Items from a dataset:
########
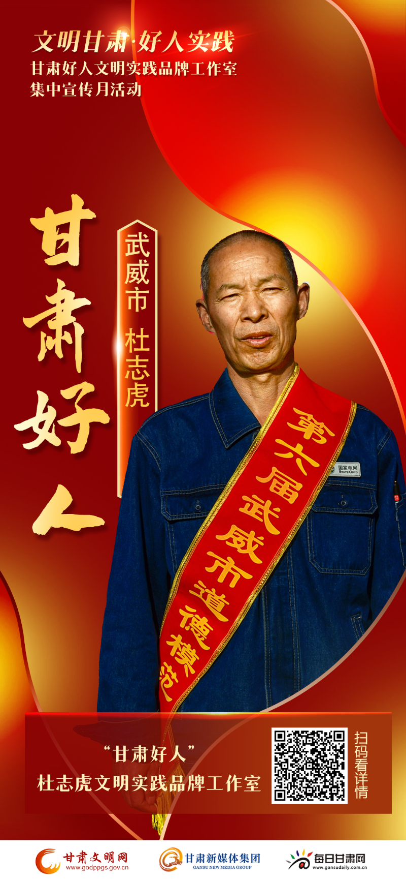 “甘肃好人”杜志虎文明实践品牌工作室自成立以来,以“真诚、热爱、奉献、快乐”为服务理念,组织开展敬老助残、扶危济困、爱心助学、关爱留守儿童及环卫工人等爱心公益志愿服务活动,向广大群众传递好人奉献精神,传递崇德向善社会正能量。
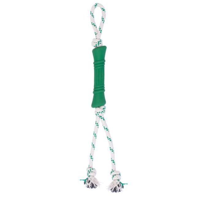GREEN SHEEP Φυσικό Λαστιχένιο Παιχνίδι Κόκκαλο με Σχοινί – Πράσινο
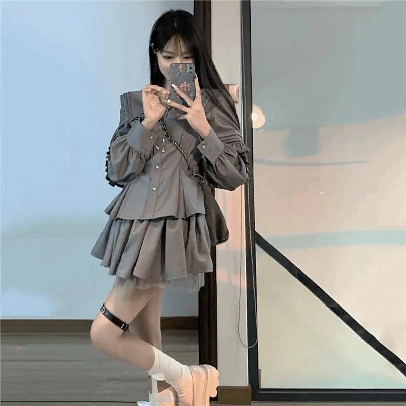 韓国ファッション セットアップ レディース ロリータ服 Lolita 洋服 Aライン ミニスカート 長袖 シャツ トップス おしゃれ 上下セット 春夏秋服
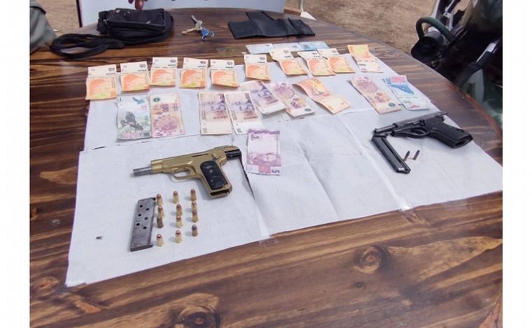 Además, una billetera con dinero en efectivo -11.850 pesos- y un documento de identidad perteneciente a un ciudadano que viajaba en el colectivo, quien negó ser propietario de las armas de fuego.
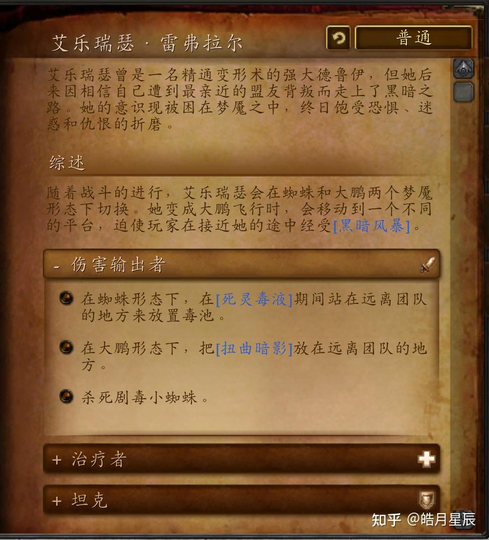 艾乐瑞瑟的意识回到了翡翠梦境,但是却被翡翠梦魇污染成了满怀恐惧、疑惑和憎恶的怪物——在蜘蛛和乌鸦形态中来回切换。她在梦魇中所处的场景是被堕落后残缺的莫高雷和倾倒的雷霆崖。那恰是她向哈缪尔复仇的执念所构成的。若是不阻遏她的话,那种堕落会渐渐渗入进现实世界,雷霆崖和莫高雷会被噩梦占据。
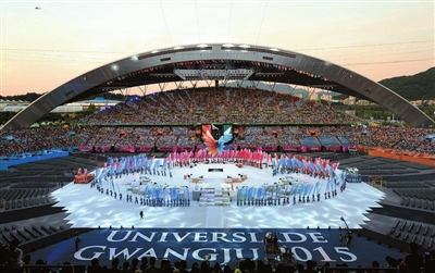 3日晚,第28届世界大学生夏季运动会在韩国光州拉开帷幕。中国大学生体育代表团总人数为596人,创中国参加境外举行的大运会代表团规模之最。 据新华社
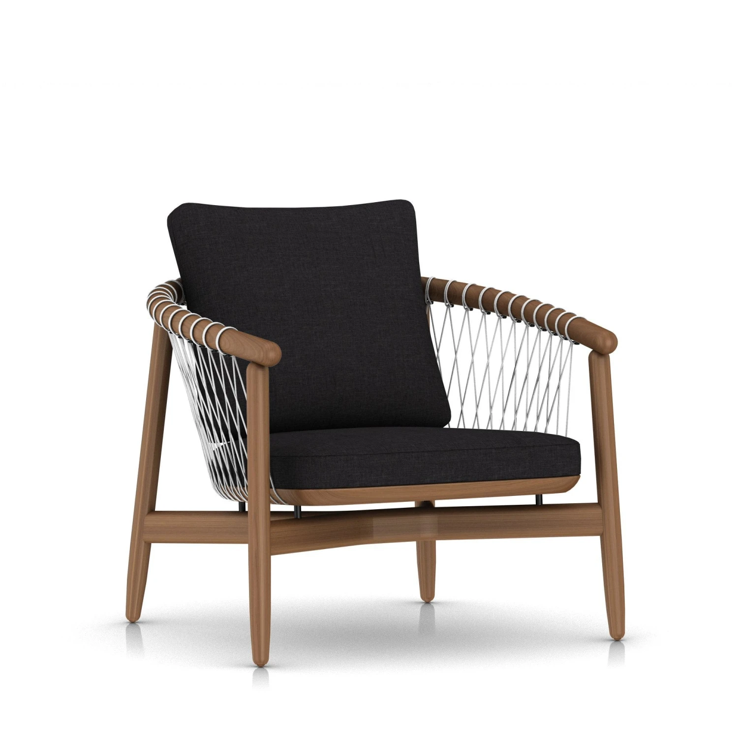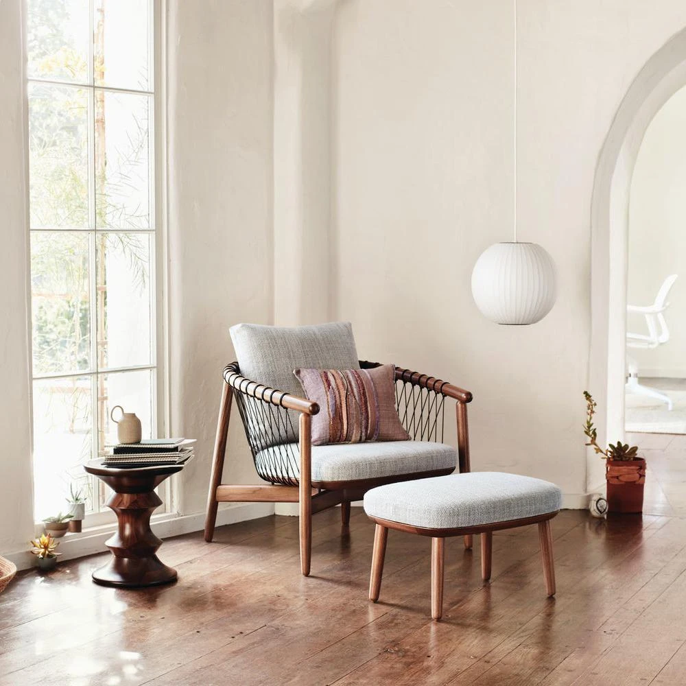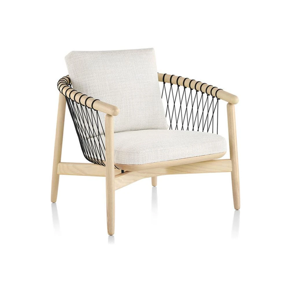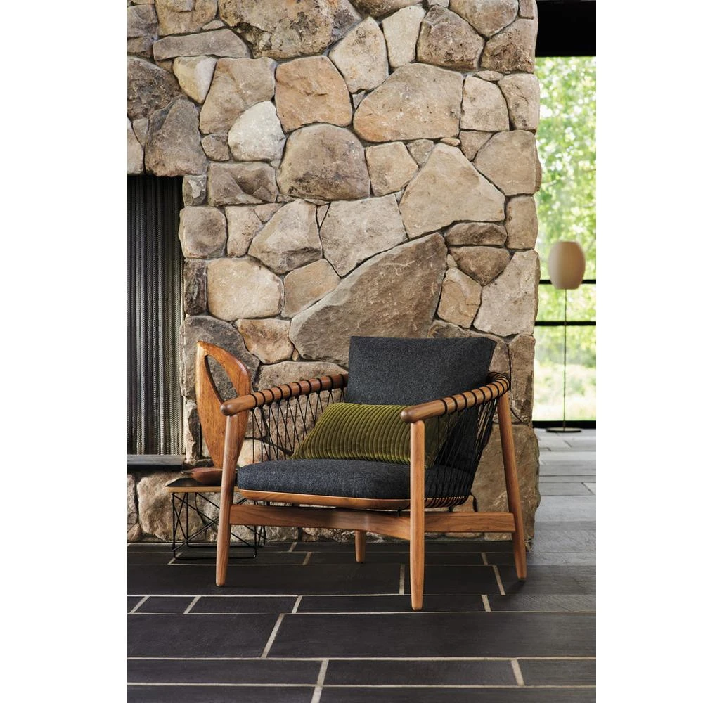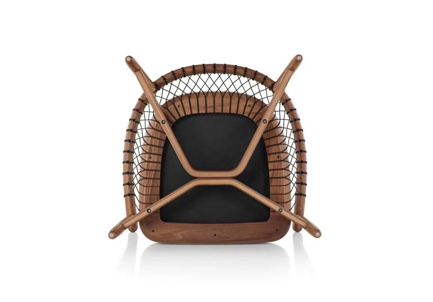 An ingenious union of craftsmanship and industrial materials, the Crosshatch Chair balances a transparent aesthetic with encompassing comfort. Parachute cords, a material common to other industries (thought not typically used in furniture), create a lattice held taught to support the gracefully curved wood frame.
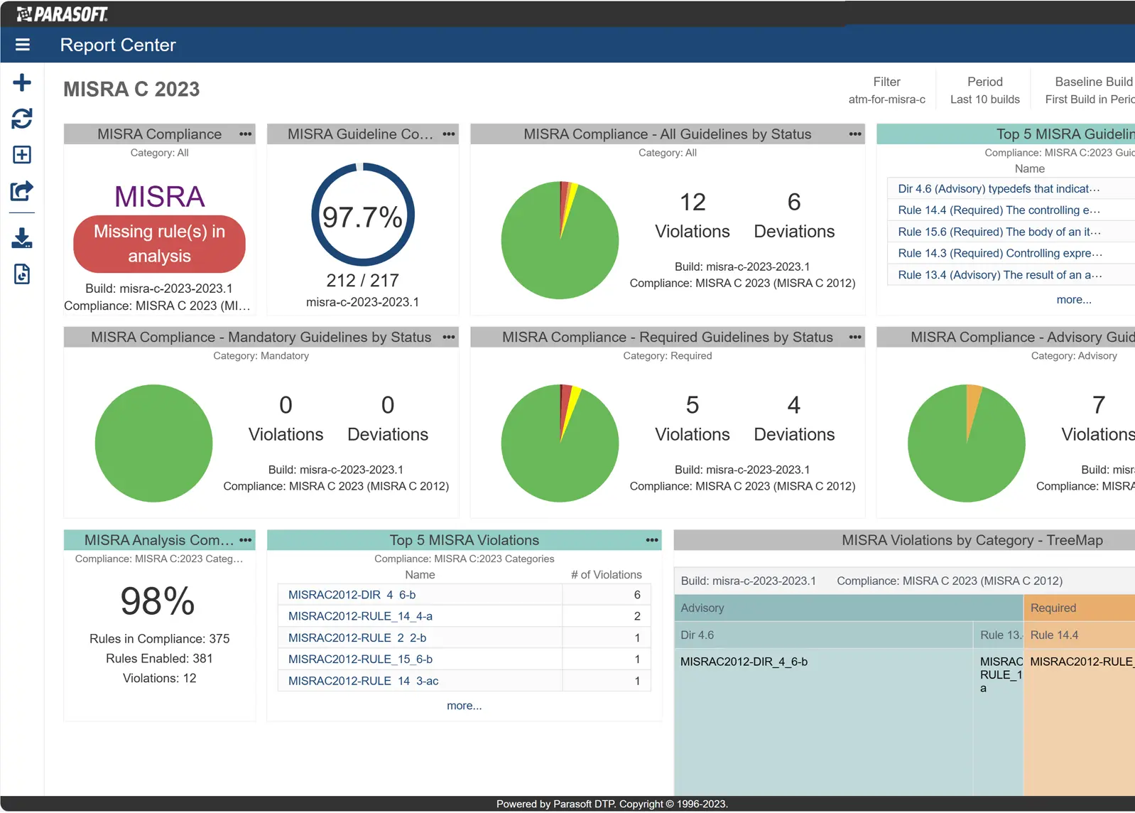 Reporting and analysis provide insights into the progress, quality, and standards compliance of embedded safety and security-critical applications in C and C++. Parasoft DTP performs analysis and autogenerates comprehensive reports for developers to identify trends, patterns, and areas for improvement to enhance the software reliability and robustness.
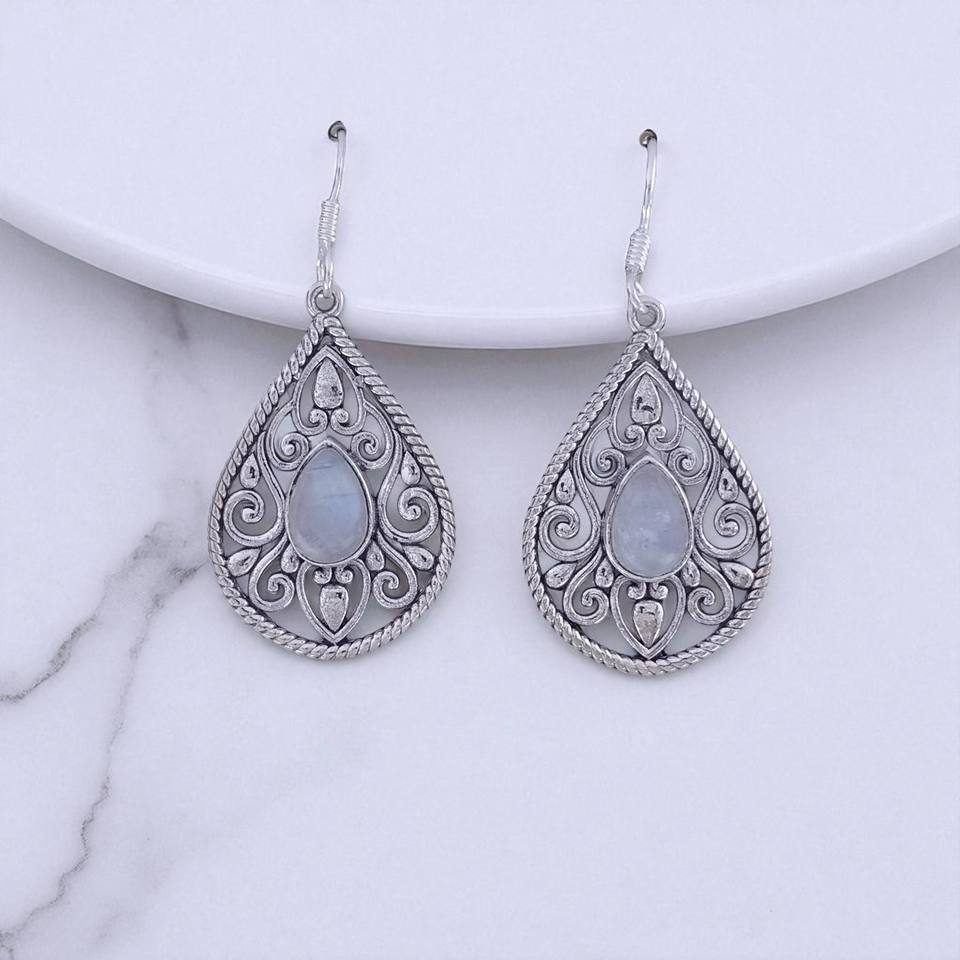 Natural Bezel Set Moonstone And Rose Quartz Pear Shape Popular Hot Hoop Earring In Sterling Silver Earring for Woman and Girls
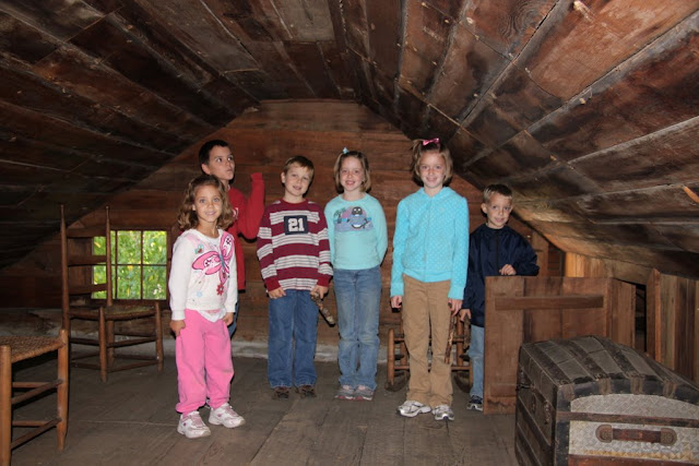 As it turned out, I was to make a trip to that area in October for a work meeting, so I took Ben and Mom with me. We met up with our friends Candace and Melissa, and their adorable kids, for a trip to Crockett Tavern. We thought it would be a quick little tour and we would then head down to the Davy birthplace, but the Tavern tour ended up taking a couple of hours. The curator of this museum, Ms. Sally, was a former history teacher, and since we were the only ones there, she took a lot of time showing us everything there was to see and giving us quite a history lesson as well.
########
■ TO DO
Please transcribe exactly the line containing "Natural Bezel Set" and every later line through the end of the records above, omitting pictures.

■ ANSWER SECTION
 Natural Bezel Set Moonstone And Rose Quartz Pear Shape Popular Hot Hoop Earring In Sterling Silver Earring for Woman and Girls
 As it turned out, I was to make a trip to that area in October for a work meeting, so I took Ben and Mom with me. We met up with our friends Candace and Melissa, and their adorable kids, for a trip to Crockett Tavern. We thought it would be a quick little tour and we would then head down to the Davy birthplace, but the Tavern tour ended up taking a couple of hours. The curator of this museum, Ms. Sally, was a former history teacher, and since we were the only ones there, she took a lot of time showing us everything there was to see and giving us quite a history lesson as well.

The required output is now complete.